Note that we left out some details about some nested loops that check the existence of nonzero elements below and perform row operations (scaling, swapping, subtracting, etc.) as some logic there can be confusing if you are not yet familiar with programming. If you are interested in the full details and are fairly familiar with programming, I would invite you to write it out in any programming language you are comfortable with, which could be a great exercise for both your linear algebra and programming skills! Below is a piece of code I wrote in Java as practice when taking MATH 133 (while at the same time learning Java at ECSE 202 Introduction to Software Development) back in Fall 2019. Note that some variable names and notations are different from what we did in the pseudo code, and in computer programs, indices usually start with 0.

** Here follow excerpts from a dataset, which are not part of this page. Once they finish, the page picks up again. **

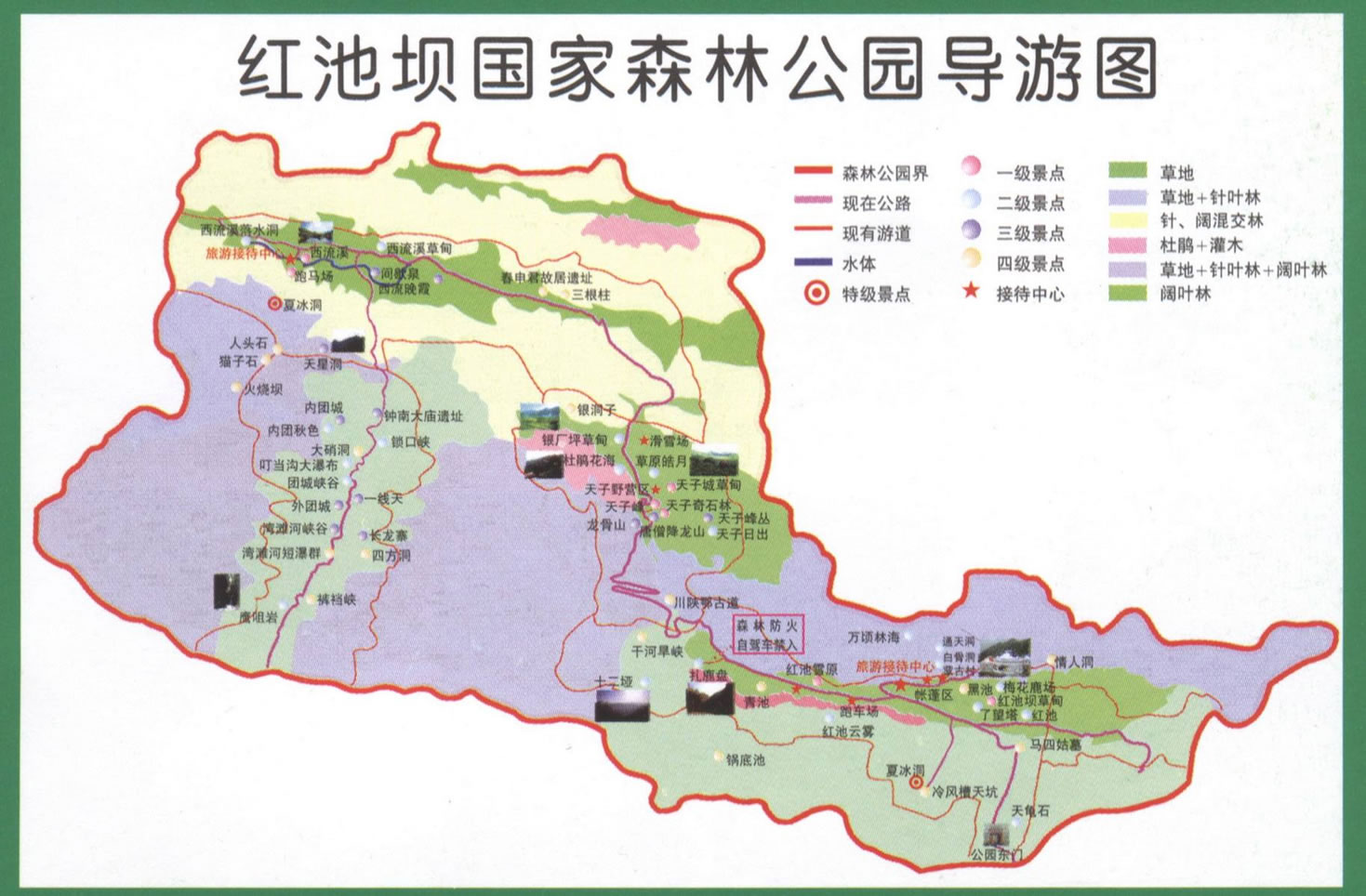 紅池壩草場(chǎng)由紅池壩、天子山、西流溪三大塊草場(chǎng)組成,面積達(dá)30余萬(wàn)畝,是全國(guó)首屈一指的高山草場(chǎng)。盛夏,紅池壩茫茫草原、姹紫嫣紅、翠綠 夏冰洞欲滴,最高溫度僅為10余攝氏度,是難得的避暑勝地;秋天,天高氣爽、蜂飛蝶舞,在此可縱馬馳騁;冬天一派銀裝素裹,北國(guó)風(fēng)光,是滑冰、滑雪的理想地方。在距草場(chǎng)不遠(yuǎn)處還有聞名中外的世界奇觀——夏冰洞,每逢盛夏,洞中滴水成冰,滿目冰川、姿態(tài)萬(wàn)千,而待數(shù)九隆冬,洞內(nèi)卻冰融水暖、細(xì)流涓涓,勝似溫泉,至今仍是一個(gè)謎。這里還是四條河流的發(fā)源地,“四異之水源于此”,巫溪縣原主管旅游的副縣長(zhǎng)、現(xiàn)縣人大主任傅主任如是向記者介紹道,南到云陽(yáng)的湯溪河、大寧河的源頭——西溪河、大寧河主要支流——后溪河、仁河這四條流向不同的河流均發(fā)源于此。
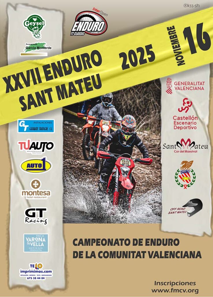 El pròxim 16 de novembre de 2025, Sant Mateu (Castelló) tornarà a convertir-se en el punt de trobada dels amants del motor amb la celebració del XXVII Enduro Sant Mateu 2025 i de l’Open Internacional TT Enduro Vintage 2025, organitzats per Off Road Sant Mateu.
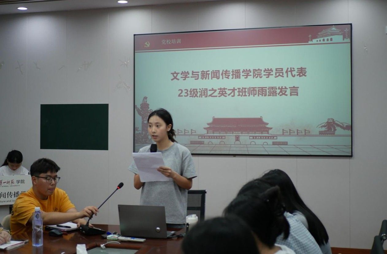 来自23级润之英才班的师雨露代表全体学员发言,她表达了自己坚定的入党之心,呼吁在座学员不断夯实理论基础,补足精神之钙,在学思践悟中擦亮初心,在奋发有为中践行使命,努力成长为担当民族复兴重任的时代新人。
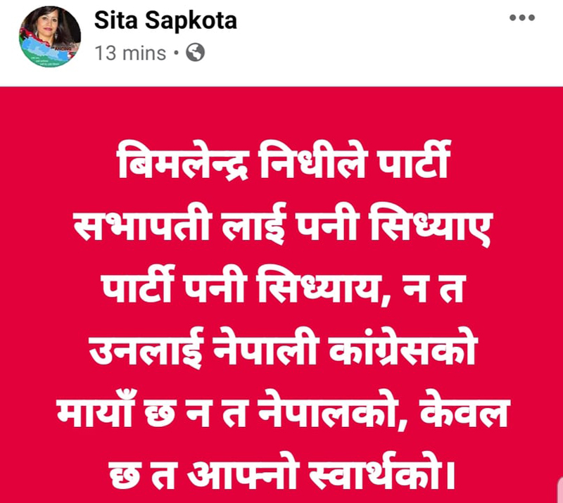 उपसभापति निधिले पार्टी र सभापति शेरबहादुर देउवालाई सिध्यायको भन्दै आफ्नो फेसबुक टाइमलाइनमा स्ट्याटस लेखेपछि सापकोटाविरुद्ध पार्टी कार्यालयमा उजुरी परेको थियो ।
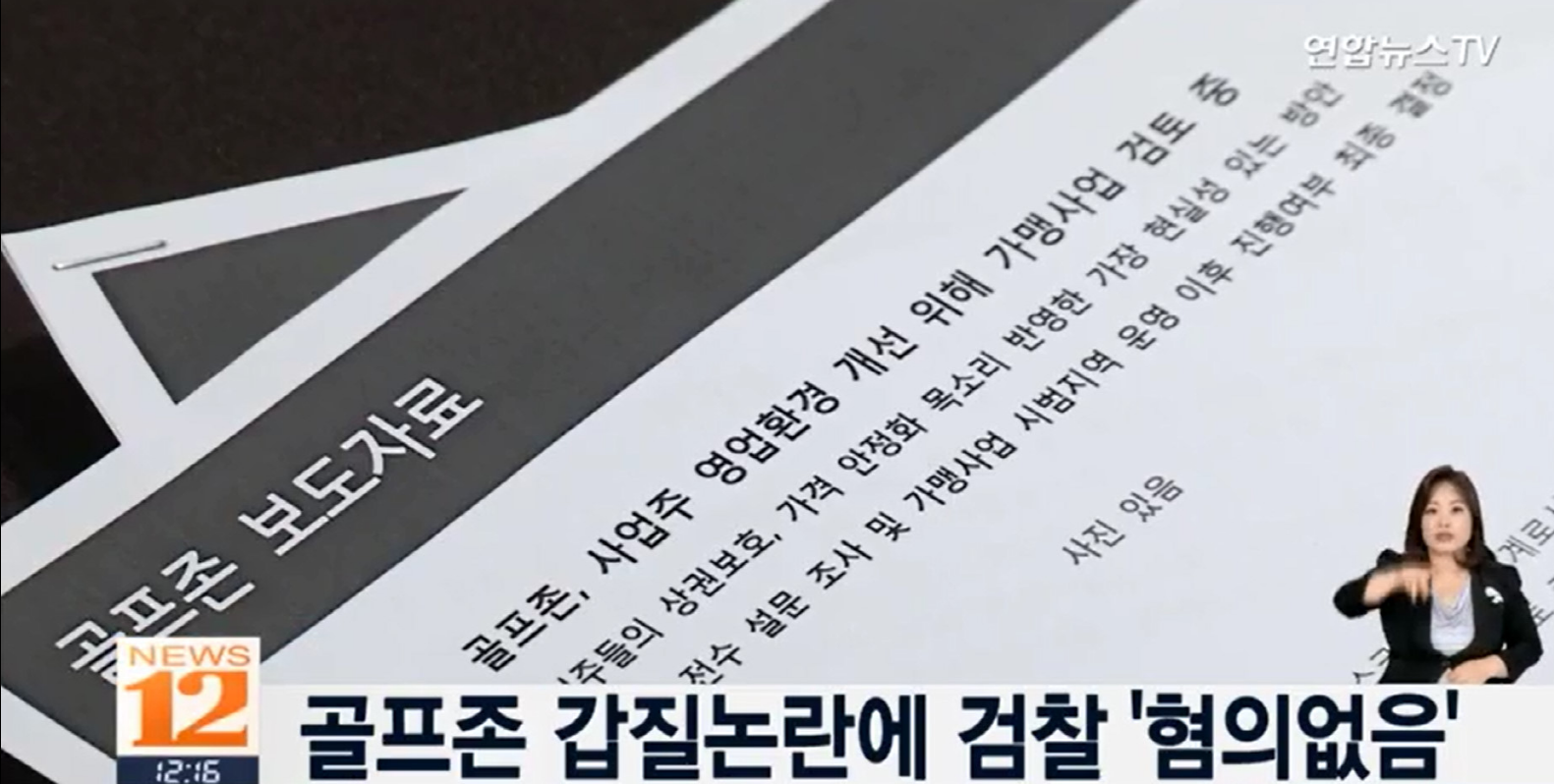 골프존유원그룹 News]골프존 갑질논란에 검찰 ‘혐의 없음’ 연합뉴스TV 추가 보도

public static void eliminate(int m, int n, double matrix[][]) {
		
	for(int i = 0, j = 0; i < m && j < n - 1; ++i, ++j) {
			
		while(j < n - 1) {
			boolean leadingVar = true; // a flag that tells whether it is possible to have a leading variable on column j
			if (Math.abs(matrix[i][j]) <= 1e-5) { // Floating point numbers can be a bit off in computers, so a 0 is not necessarily exactly 0 internally. This is a common trick: checking whether its absolute value is below 10^-5 instead of whether it is not strictly equal to 0
				leadingVar = false;
				for (int k = i + 1; k < m; ++k) {
					if (Math.abs(matrix[k][j]) >= 1e-5) { // found a good row to swap
						leadingVar = true;
						for (int l = 0; l < n; ++l) { // swap rows i and k, one elemnet at a time
							double tmp = matrix[i][l];
							matrix[i][l] = matrix[k][l];
							matrix[k][l] = tmp;
						}
						break; // no need to see other rows below
					}
				}
			}
			if (leadingVar) { // Done with finding the leading variable for row i
				break;
			} else { // Free variable on column j, skip and continue trying
				++j;
			}
		}
		if(j == n - 1) break; // Reached the rightmost, we are done with the matrix
			
		// Divide the whole row to get leading 1
		double div = matrix[i][j];
		for(int k = 0; k < n; ++k) matrix[i][k] /= div;
			
		// Get rid of other non-zero elements on the same column
		for(int k = 0; k < m; ++k) {
			if(k == i) continue;
			double mult = matrix[k][j];
			for(int l = 0; l < n; ++l)
				matrix[k][l] -= matrix[i][l] * mult;
		}
			
    }
}